I am liking this system. Even on an out of the house day, we can throw the day's folder and his math book in the backpack, and get a solid amount of school work done with little to no hassle of packing up. And it's totally my neurosis, which ds has apparently inherited, but he pushes himself to finish a rainbow (week's set) every week. He knows the blue folders have a fun thing in them (drawing page, silly comic, etc.) and he looks forward to those on Fridays. When before we would've skipped the day's table time on a busy day, this makes it almost effortless and creates a strong sense of routine and accomplishment when finishing a week.

 

This was a great way to transition to independent work for my 9 year old so I could get focused time with my 5 year old. Only things the 9 yo can do 90% independently go in the folder.

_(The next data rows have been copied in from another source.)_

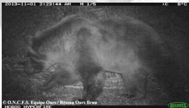
Photo automatique d'un ours adulte mâle, le 1er novembre 2013, commune de Melles (31).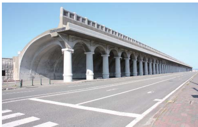
世界的にも珍しいデザインの稚内港北防波堤ドーム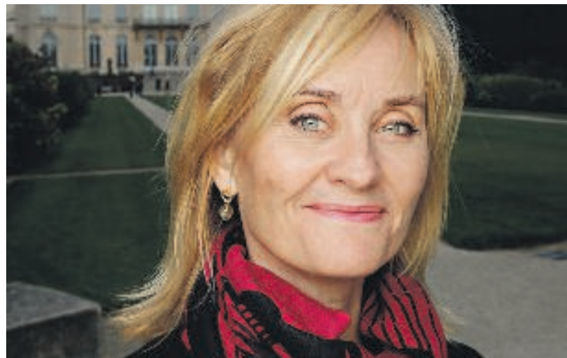
HISTORIE: Hege Duckerts bok tar for seg objekter som illustrerer historiske forandringer.

Om dette er en faktisk person eller om det er en sammensatt skikkelse bygget på flere, er ikke helt klart. Det er iallfall et psevdonym, og i boka blir han en fin, menneskelig kontrast til de gitte bildene av landet – glisende ledere, utpinte konsentrasjonsleirfanger, hungersnød og jerndisiplinerte barn i vanviddets masseopptrinn. Her er det mange forræderier.

He knows he can do his folder and reading while its 5 yo mom time.

 

Surprisingly, the folder work has also freed up enough of my nagging and managing all the different small pieces time, that we are now getting 2-3 days of morning time a week in. I struggled to make time for morning time prior.

 

Now, when I have to plan the next 75 days during winter break, I may be regretting this, but so far, so good!